04/09/2009
Entre deux tentations...
La pensée du jour : "Prière du matin. Seigneur, place sur mon chemin un grand amour qui illumine et saccage ma vie !" Michel TOURNIER, Petites proses (un de mes livres de chevet).
Petite parenthèse avant de parler des autres chansons de l'album « La tentation du bonheur ». Envie d'évoquer quelques points importants :
Grâce à « La tentation du bonheur », j'ai appris ce qu'était un « deus ex machina » (cf. « La nostalgie de Dieu ») : Cette expression est invariable, de genre masculin et, comme sa forme l'indique, composée de mots latins. Littéralement, un deus ex machina, c'est un dieu descendu au moyen d'une machine. Définition du Petit Larousse : personne ou événement venant opportunément dénouer une situation dramatique sans issue, notamment au théâtre.

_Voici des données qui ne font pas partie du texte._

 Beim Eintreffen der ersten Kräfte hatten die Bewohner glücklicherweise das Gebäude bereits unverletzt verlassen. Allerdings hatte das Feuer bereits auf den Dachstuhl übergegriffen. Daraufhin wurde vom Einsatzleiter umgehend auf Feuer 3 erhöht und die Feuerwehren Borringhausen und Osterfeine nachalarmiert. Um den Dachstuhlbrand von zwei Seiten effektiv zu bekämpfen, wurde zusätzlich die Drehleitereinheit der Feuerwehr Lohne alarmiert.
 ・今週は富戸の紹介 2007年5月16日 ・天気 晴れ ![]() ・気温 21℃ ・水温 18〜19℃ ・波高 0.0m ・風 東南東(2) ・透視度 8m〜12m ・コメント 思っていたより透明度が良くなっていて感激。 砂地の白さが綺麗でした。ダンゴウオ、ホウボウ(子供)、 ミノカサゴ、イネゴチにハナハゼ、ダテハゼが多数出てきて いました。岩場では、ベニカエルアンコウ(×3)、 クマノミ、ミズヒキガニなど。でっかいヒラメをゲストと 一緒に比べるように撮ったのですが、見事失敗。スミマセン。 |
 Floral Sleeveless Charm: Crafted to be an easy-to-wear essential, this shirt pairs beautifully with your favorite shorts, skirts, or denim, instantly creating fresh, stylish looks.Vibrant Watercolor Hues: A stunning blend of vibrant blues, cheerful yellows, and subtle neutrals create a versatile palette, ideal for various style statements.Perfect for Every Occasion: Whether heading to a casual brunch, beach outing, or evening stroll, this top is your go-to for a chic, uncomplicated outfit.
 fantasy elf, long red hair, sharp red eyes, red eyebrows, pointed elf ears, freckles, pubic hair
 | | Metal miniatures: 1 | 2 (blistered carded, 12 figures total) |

Quant au curé d'Ars (évoqué dans « 24 heures dans la nuit d'un faune »), il s'appelait Jean-Marie Vianney. Il est né à Dardilly, près de Lyon, en 1786, il est mort à Ars-sur-Formans en 1859. Il fut le curé d'Ars durant 41 ans et attira les foules par sa sainteté. On connaît son visage, souvent représenté :
Bételgeuse (« Critique du chapitre 3 ») est une étoile de la Constellation d'Orion.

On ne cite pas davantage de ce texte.